Published Date : 09/06/2025
Microsoft is planning to rank artificial intelligence (AI) models based on safety. This effort is part of the tech giant’s effort to foster trust among its cloud customers as it sells them AI products from companies like OpenAI and xAI, as reported by the Financial Times (FT) on Sunday (June 8).
Sarah Bird, Microsoft’s head of Responsible AI, told the FT that the company would soon add a “safety” category to its “model leaderboard,” a feature it created recently for developers to rank iterations from providers including China’s DeepSeek and France’s Mistral.
The leaderboard, which is accessible to clients using the Azure Foundry developer platform, is expected to influence which AI models and applications are purchased via Microsoft. Microsoft currently ranks three metrics: quality, cost, and throughput, which is how fast a model can generate an output. Bird said the new safety ranking would ensure that “people can just directly shop and understand” AI models’ capabilities as they determine which to purchase.
The decision to offer safety benchmarks comes as Microsoft’s customers wrestle with the potential risks posed by new AI models to data and privacy protections, especially when deployed as autonomous “agents” that can function with no human supervision. Rankings let users access objective metrics when choosing from a catalogue of more than 1,900 AI models, allowing them to make an informed choice of which to use.
Safety leaderboards can help businesses cut through the noise and narrow down options, according to Cassie Kozyrkov, a consultant and former chief decision scientist at Google. “The real challenge is understanding the trade-offs: higher performance at what cost? Lower cost at what risk?” Kozyrkov noted.
In other AI news, PYMNTS recently examined the use of AI agents in banking compliance in an interview with Greenlite AI CEO Will Lawrence. He told PYMNTS CEO Karen Webster that while the 2000s were defined by rule-based systems and the 2010s ushered in machine learning, the 2020s are “the agentic era of compliance.” The shift has a range of implications. Trust is key for regulated financial institutions. Mistakes lead to declined transactions and also risk regulatory exposure.
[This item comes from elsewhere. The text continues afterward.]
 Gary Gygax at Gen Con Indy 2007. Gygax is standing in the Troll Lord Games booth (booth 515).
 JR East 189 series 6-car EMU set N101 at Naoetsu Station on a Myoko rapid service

“Right now, banks are getting more risk signals than they can investigate,” Lawrence said. “Digital accounts are growing. Backlogs are growing. Detection isn’t the problem anymore — it’s what to do next.” “AI is only scary until you understand how it works,” Lawrence added. “Then it’s just a tool — like a calculator. We’re helping banks understand how to use it safely.”
Q: What is Microsoft’s new initiative regarding AI models?
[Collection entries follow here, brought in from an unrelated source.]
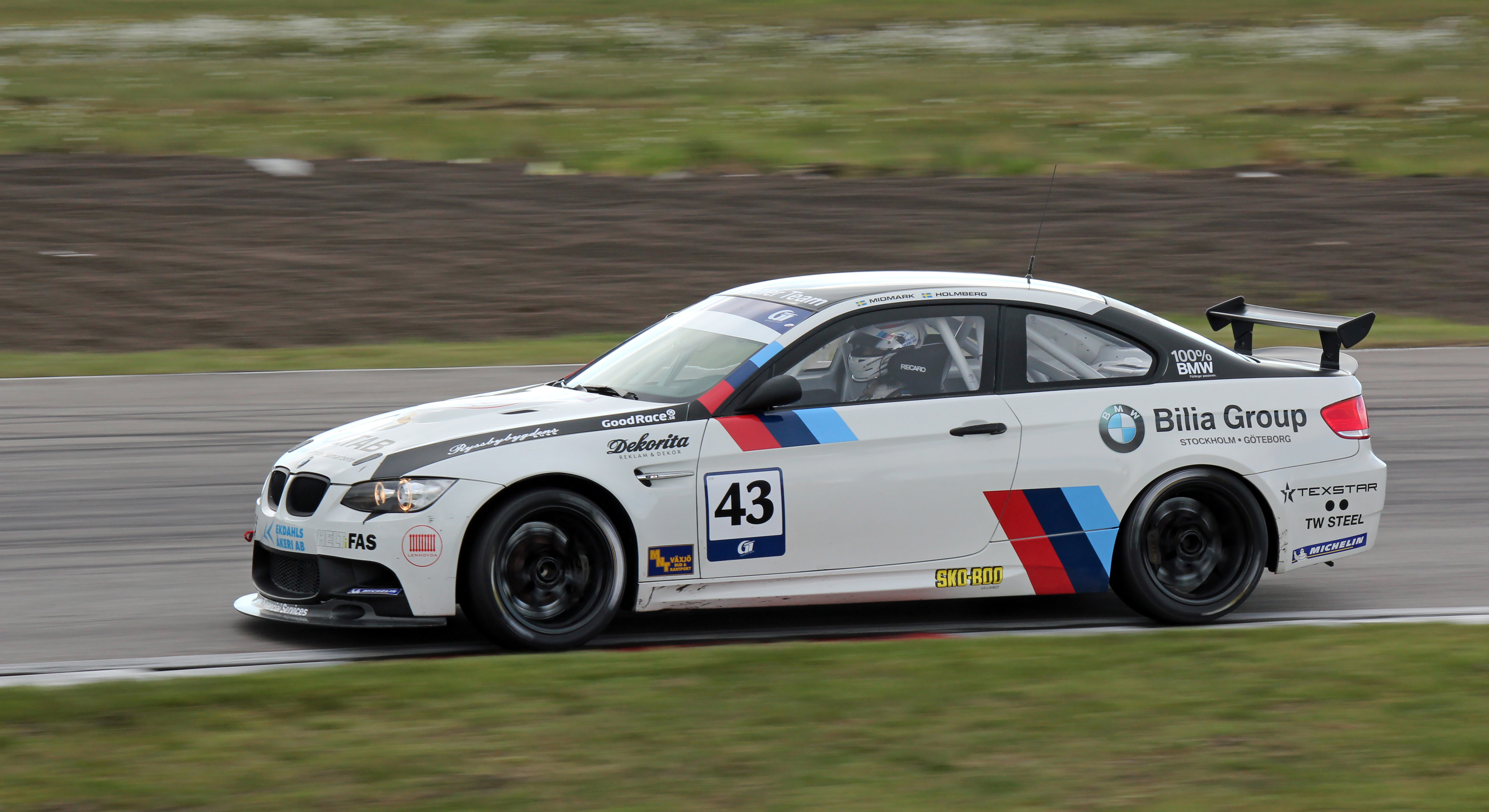 Chris Midmark in a BMW M3 GT4 in Swedish GT Series at Anderstorp Raceway in 2012. His team mate was Anders Holmberg.
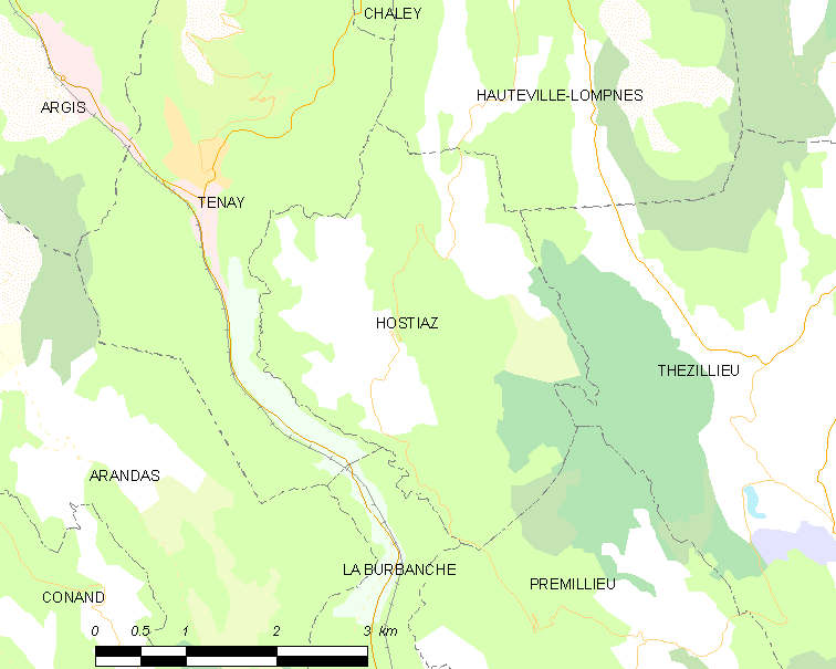 Map of French commune: Hostiaz Map commune FR insee code 01186.png
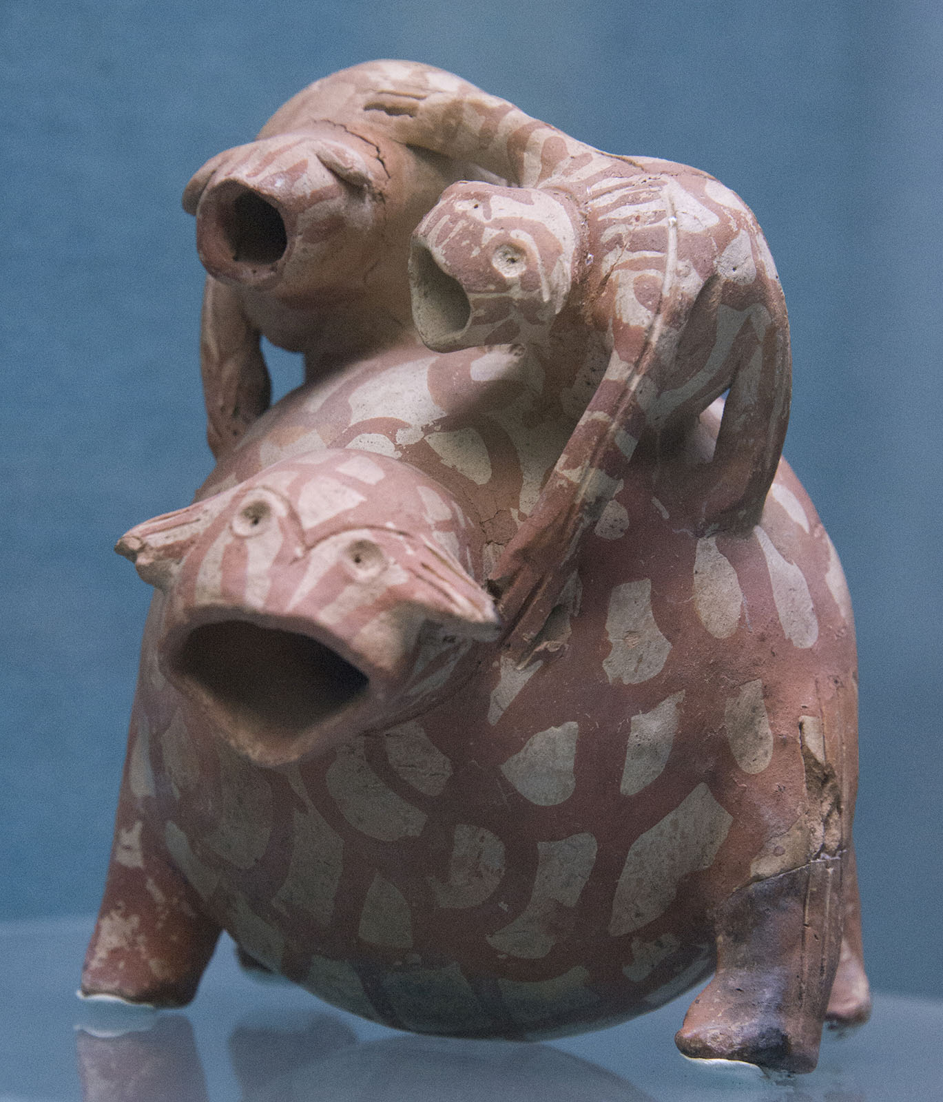 After lots of searching the web I found on a site by the Buffalo University more about Seyitömer Höyüğü, where finds like this (the museum has several) stem from. I found them extremely curious. The archaeological site of Seyitömer Höyük is located within the Kütahya region of western Turkey, 350 kilometers south of Istanbul, at an important juncture between the Mesopotamian and Mediterranean worlds. The development of advanced metal technology fuelled commerce between these distant regions as early as 3,000 B.C., leading to the establishment of important trade centers linking east and west. The best-preserved example of such a center is Seyitömer Höyük, where thousands of artifacts and dozens of pottery and textile workshops paint a vivid picture of village life from the Early Bronze Age through the Roman period. […] The archaeological site of Seyitömer Höyük is situated on top of a 12 million ton coal reserve. Beginning in 2015, a private company will extract this coal, and the archaeological site will be permanently destroyed. Students in this field school will have the opportunity excavate and document archaeological material from this threatened site, which will make a lasting contribution to archaeology. In addition, they will gain firsthand experience with the ethical issues surrounding cultural heritage management.
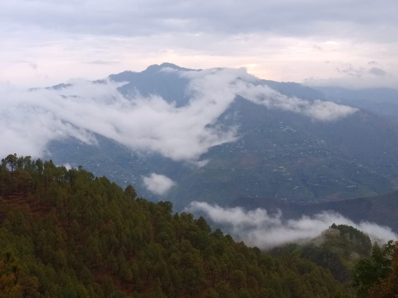 Lee Village
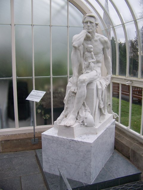 "King Robert of Sicily" - sculpture in Kibble Palace The accompanying plaque reads:- "King Robert of Sicily - about 1927 George Henry Paulin (1888-1962) - marble The tale of King Robert comes from a poem by HW Longfellow (1807-1882). He was an arrogant king who was deposed by an angel, stripped of his robes, and forced to assume the role of a jester, with only a monkey for a friend. Paulin was born in Muckhart, near Alloa, and worked in London and Glasgow. He made several war memorials and numerous portrait busts. Bought in 1927 Glasgow Museums (S177)"
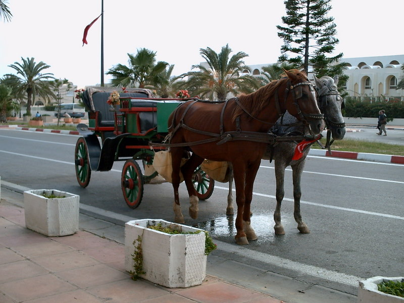 Carriage in Hammamet-South, Tunisia
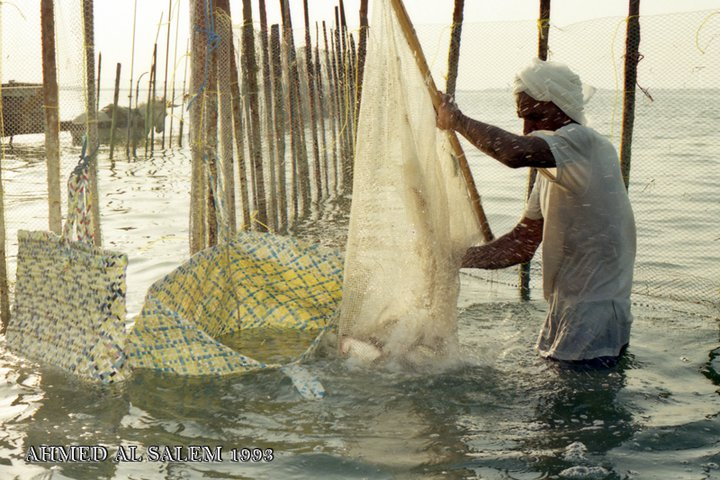 Fisher man in Hozoor (fish trip), Qatif 1993

A: Microsoft is planning to rank AI models based on safety to enhance trust and transparency among its cloud customers. This will help businesses make informed decisions when choosing AI products from providers like OpenAI and xAI.
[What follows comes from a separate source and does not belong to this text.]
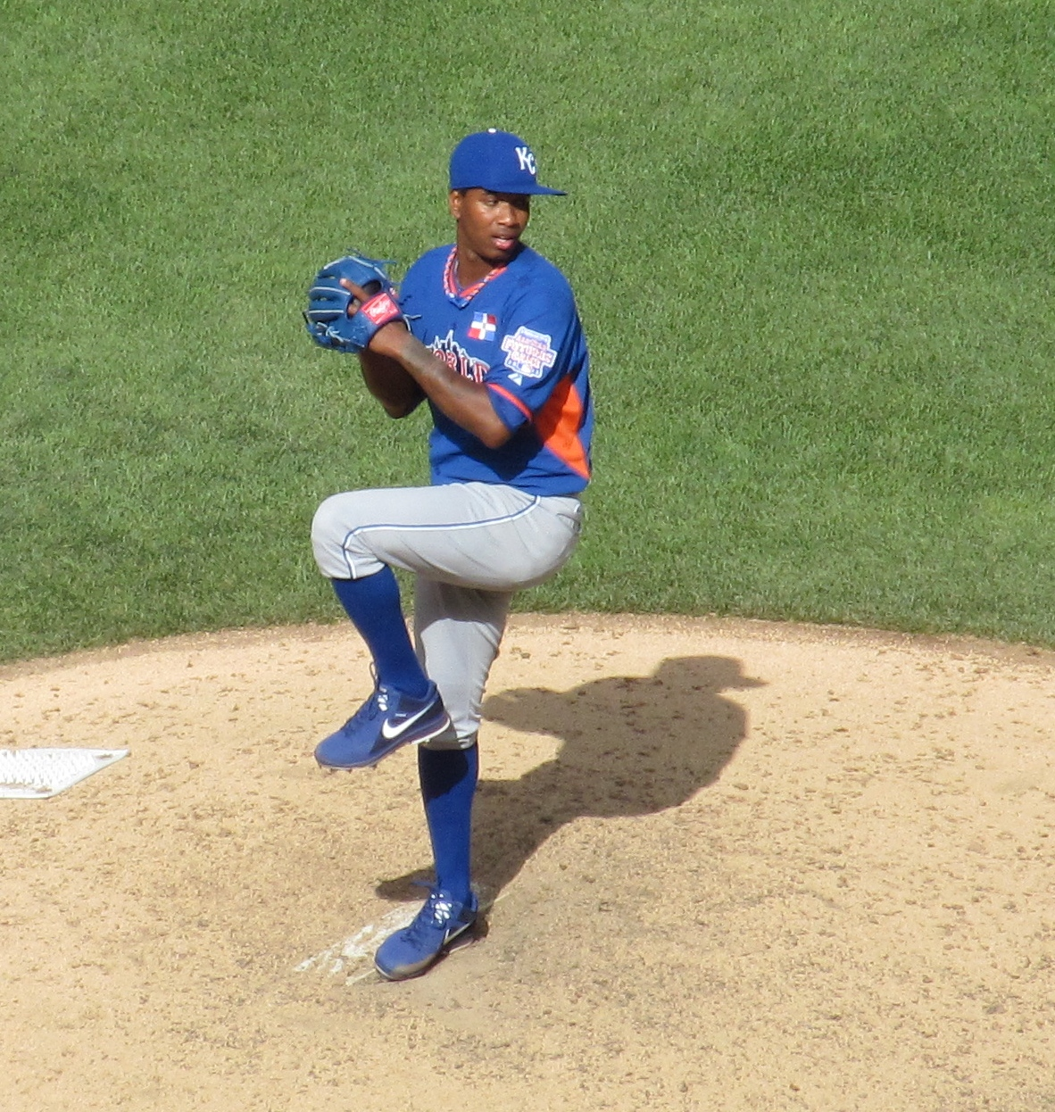 Yordano Ventura pitching in the Futures Game at Citi Field in New York City on 2013 July 14th

Q: Who is Sarah Bird, and what is her role at Microsoft?
A: Sarah Bird is Microsoft’s head of Responsible AI. She is leading the initiative to add a ‘safety’ category to Microsoft’s AI model leaderboard.
Q: What are the current metrics used by Microsoft to rank AI models?
A: Microsoft currently ranks AI models based on three metrics: quality, cost, and throughput (how fast a model can generate an output).
Q: Why is safety ranking important for AI models?
A: Safety ranking is important because it helps businesses understand the risks and trade-offs associated with different AI models, especially when they are deployed as autonomous agents with no human supervision.
Q: What does the agentic era of compliance mean for the banking industry?
A: The agentic era of compliance in banking means that AI agents are being used to handle compliance tasks, which can lead to more efficient and accurate risk management. However, it also requires a deep understanding of how AI works to ensure safe and compliant operations.